INSTRUCTIONS FOR THE TASK
Copy each line that includes the string "with" from the material into your answer.
(TASK INPUTS begins)
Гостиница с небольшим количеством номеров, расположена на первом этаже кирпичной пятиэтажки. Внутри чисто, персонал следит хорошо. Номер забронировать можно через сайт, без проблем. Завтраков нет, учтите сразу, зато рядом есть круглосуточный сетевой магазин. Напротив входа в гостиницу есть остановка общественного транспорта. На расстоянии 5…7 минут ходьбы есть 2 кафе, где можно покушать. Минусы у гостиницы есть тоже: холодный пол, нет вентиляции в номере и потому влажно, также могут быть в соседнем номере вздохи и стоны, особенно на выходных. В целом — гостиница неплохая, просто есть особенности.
(TASK INPUTS ends)
(TASK INPUTS begins)
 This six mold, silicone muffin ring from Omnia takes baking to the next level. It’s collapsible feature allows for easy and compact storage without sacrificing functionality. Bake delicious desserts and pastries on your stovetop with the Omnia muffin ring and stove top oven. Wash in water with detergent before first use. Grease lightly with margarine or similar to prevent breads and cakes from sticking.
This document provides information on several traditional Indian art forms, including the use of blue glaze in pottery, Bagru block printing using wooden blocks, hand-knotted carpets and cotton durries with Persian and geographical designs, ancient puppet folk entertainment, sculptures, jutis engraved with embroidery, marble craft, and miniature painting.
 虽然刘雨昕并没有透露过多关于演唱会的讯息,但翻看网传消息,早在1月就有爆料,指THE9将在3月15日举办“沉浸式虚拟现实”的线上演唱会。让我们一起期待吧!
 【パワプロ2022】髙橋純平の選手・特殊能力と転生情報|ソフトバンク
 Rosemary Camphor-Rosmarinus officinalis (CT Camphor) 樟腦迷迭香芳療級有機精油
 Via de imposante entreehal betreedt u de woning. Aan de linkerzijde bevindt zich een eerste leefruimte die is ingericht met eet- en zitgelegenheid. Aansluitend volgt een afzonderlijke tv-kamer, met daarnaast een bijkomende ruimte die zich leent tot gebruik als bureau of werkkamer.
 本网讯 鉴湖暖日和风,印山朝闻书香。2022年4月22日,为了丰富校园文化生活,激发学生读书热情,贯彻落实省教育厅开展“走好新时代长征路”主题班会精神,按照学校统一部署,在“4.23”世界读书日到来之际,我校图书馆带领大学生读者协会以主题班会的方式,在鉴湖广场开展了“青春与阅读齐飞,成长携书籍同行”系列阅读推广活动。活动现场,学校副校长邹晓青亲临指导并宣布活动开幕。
(TASK INPUTS ends)
EXERCISE SOLUTION
 This six mold, silicone muffin ring from Omnia takes baking to the next level. It’s collapsible feature allows for easy and compact storage without sacrificing functionality. Bake delicious desserts and pastries on your stovetop with the Omnia muffin ring and stove top oven. Wash in water with detergent before first use. Grease lightly with margarine or similar to prevent breads and cakes from sticking.
This document provides information on several traditional Indian art forms, including the use of blue glaze in pottery, Bagru block printing using wooden blocks, hand-knotted carpets and cotton durries with Persian and geographical designs, ancient puppet folk entertainment, sculptures, jutis engraved with embroidery, marble craft, and miniature painting.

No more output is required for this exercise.